One of the main profits of deploying Pentaho on Kubernetes is to be able to (auto) scale up and down based on certain conditions or requirements on your service. If you plan to deploy Pentaho server in cluster mode, these are main considerations:
  • Pentaho BA is architected to use sticky sessions. This means, each request for a particular session gets associated to a single node instance of the cluster while user session is alive. Having this in mind, you need to configure your Load Balancer to be aligned with the session model.
Please refer to your LoadBalancer solution instructions to have details on how to make this implementation
  • Unique cluster name for Jackrabbit. If you are running two or more servers in HA mode, each instance node needs to have a unique identifier. For detailed instructions on how to configure jackrabbit journal, visit our help page
  • Maintenance of Jackrabbit journal for non-existing servers (scale down).

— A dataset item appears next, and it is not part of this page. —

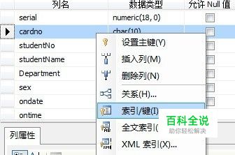 唯一约束确保表中的一列数据没有相同的值。与主键约束类似,唯一约束也强制唯一性,但唯一约束用于非主键的一列或者多列的组合,且一个表可以定义多个唯一约束。 右键单击要设置的列选择索引/键。

If a cluster node is removed permanently from the cluster, then its entry in the LOCAL_REVISIONS table should be removed manually. Otherwise, the clean-up thread will not be effective
  • For detailed configuration instructions regarding Pentaho BA in cluster mode, visit our help site

Links used for references




16 days ago

Wohh Got to know today i was having problems regarding this and now i want to get more info like this keep posting. and going to check MyBalanceNow for further planning.

30 days ago

Thanks for sharing the Information! Btw is this a Official Website ?

10-06-2021 10:40

Yes, pentaho-server-9.1 can be used for any 9.x version. Main consideration is to use corresponding installation packages based on desired version.

There aren't major considerations between 9.1 and 9.2 in terms of configuration and installation procedure.

10-05-2021 23:50

Has there been any testing on 9.2 on this docker builds and deployments? If we are targeting 9.2 is it safe to work from this github repo?